==== INFORMATION SHOWN ====

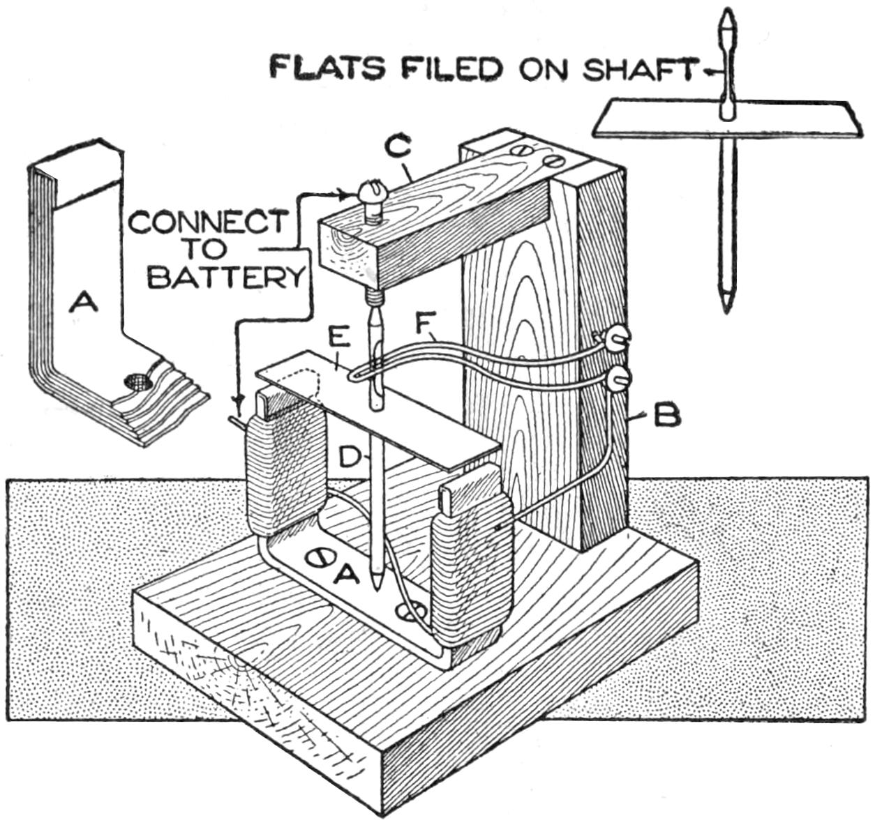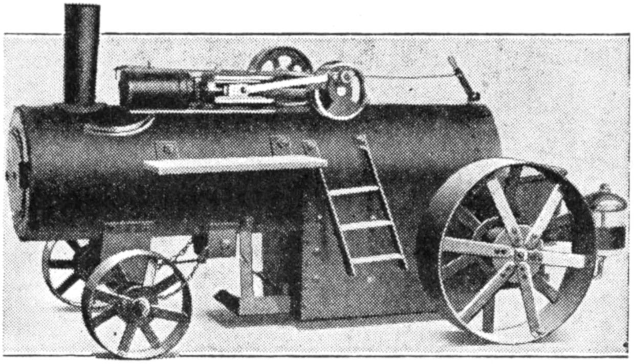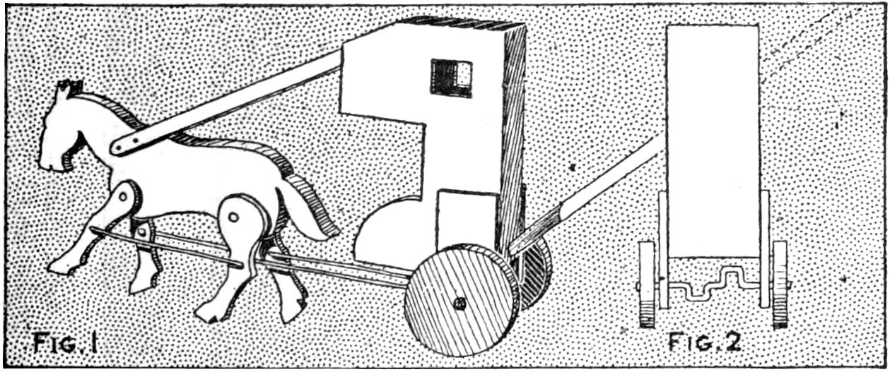 An ordinary two-volt dry cell, a small motor, and the necessary wooden parts, as shown in the illustration, are all that is needed for the making of a toy tractor that will give its builder a great deal of fun. A good feature is that the parts can be taken down quickly and used for other purposes when desired. A base, ¹⁄₂ by 3 by 9 in. long, is made of wood, and two axles of the same thickness are set under it, as shown. The wheels are disks cut from spools, or cut out of thin wood for the rear wheels, and heavier wood for the front ones. They are fastened with screws and washers, or with nails. The dry cell is mounted on small strips and held by wires. The motor is fastened with screws and wired to the dry cell in the usual manner. One of the front wheels serves as the driver, and is grooved to receive the cord belt.—J. E. Dalton, Cleveland, O.
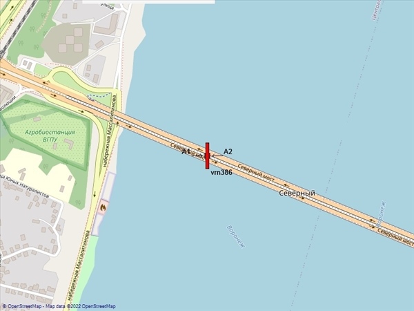 Северный мост, опора 16, сторона А1 - при движении из центра к ул. Остужева, гипермаркету "Линия", А2 - в центр
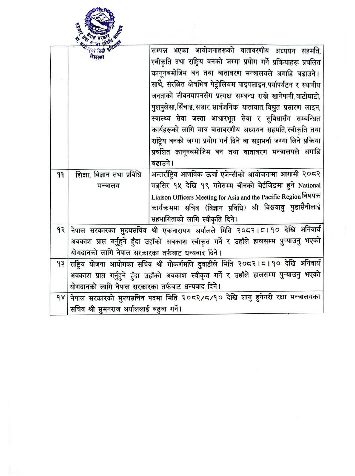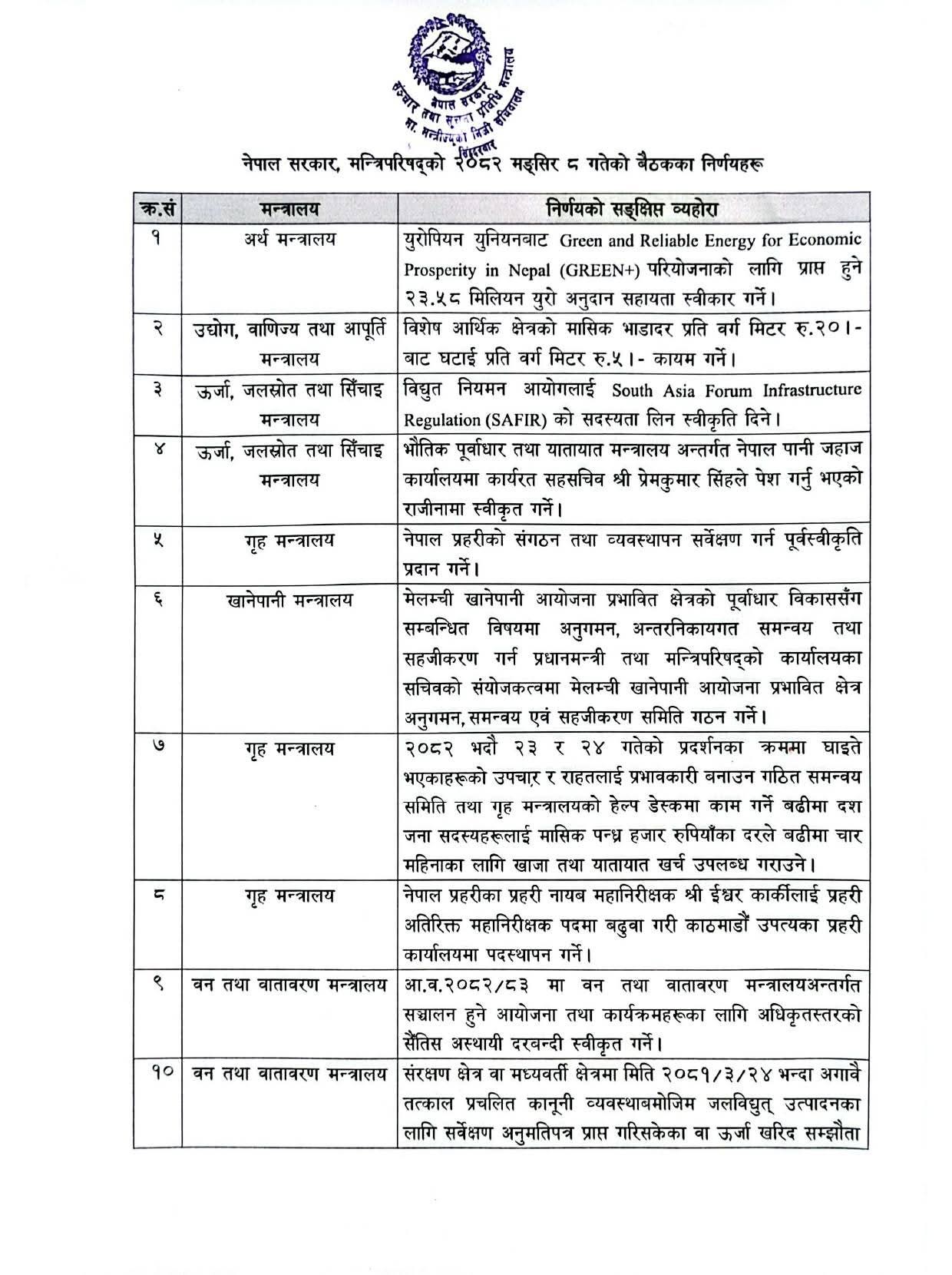 सरकारले पछिल्लोपटक बसेको मन्त्रिपरिषद् बैठकका निर्णय सार्वजनिक गरेको छ । सोमबार प्रधानमन्त्री तथा मन्त्रिपरिषद् कार्यालयमा मन्त्रिपरिषद् बैठक बसेको थियो । उक्त बैठकले गरेको निर्णय सरकारका प्रवक्ता एवं सञ्चार, सूचना तथा प्रविधिमन्त्री जगदीश खरेलले जानकारी दिए ।

====

Copy the listing exactly. Any image in it stays out of the copy.

 An ordinary two-volt dry cell, a small motor, and the necessary wooden parts, as shown in the illustration, are all that is needed for the making of a toy tractor that will give its builder a great deal of fun. A good feature is that the parts can be taken down quickly and used for other purposes when desired. A base, ¹⁄₂ by 3 by 9 in. long, is made of wood, and two axles of the same thickness are set under it, as shown. The wheels are disks cut from spools, or cut out of thin wood for the rear wheels, and heavier wood for the front ones. They are fastened with screws and washers, or with nails. The dry cell is mounted on small strips and held by wires. The motor is fastened with screws and wired to the dry cell in the usual manner. One of the front wheels serves as the driver, and is grooved to receive the cord belt.—J. E. Dalton, Cleveland, O.
 Северный мост, опора 16, сторона А1 - при движении из центра к ул. Остужева, гипермаркету "Линия", А2 - в центр
 सरकारले पछिल्लोपटक बसेको मन्त्रिपरिषद् बैठकका निर्णय सार्वजनिक गरेको छ । सोमबार प्रधानमन्त्री तथा मन्त्रिपरिषद् कार्यालयमा मन्त्रिपरिषद् बैठक बसेको थियो । उक्त बैठकले गरेको निर्णय सरकारका प्रवक्ता एवं सञ्चार, सूचना तथा प्रविधिमन्त्री जगदीश खरेलले जानकारी दिए ।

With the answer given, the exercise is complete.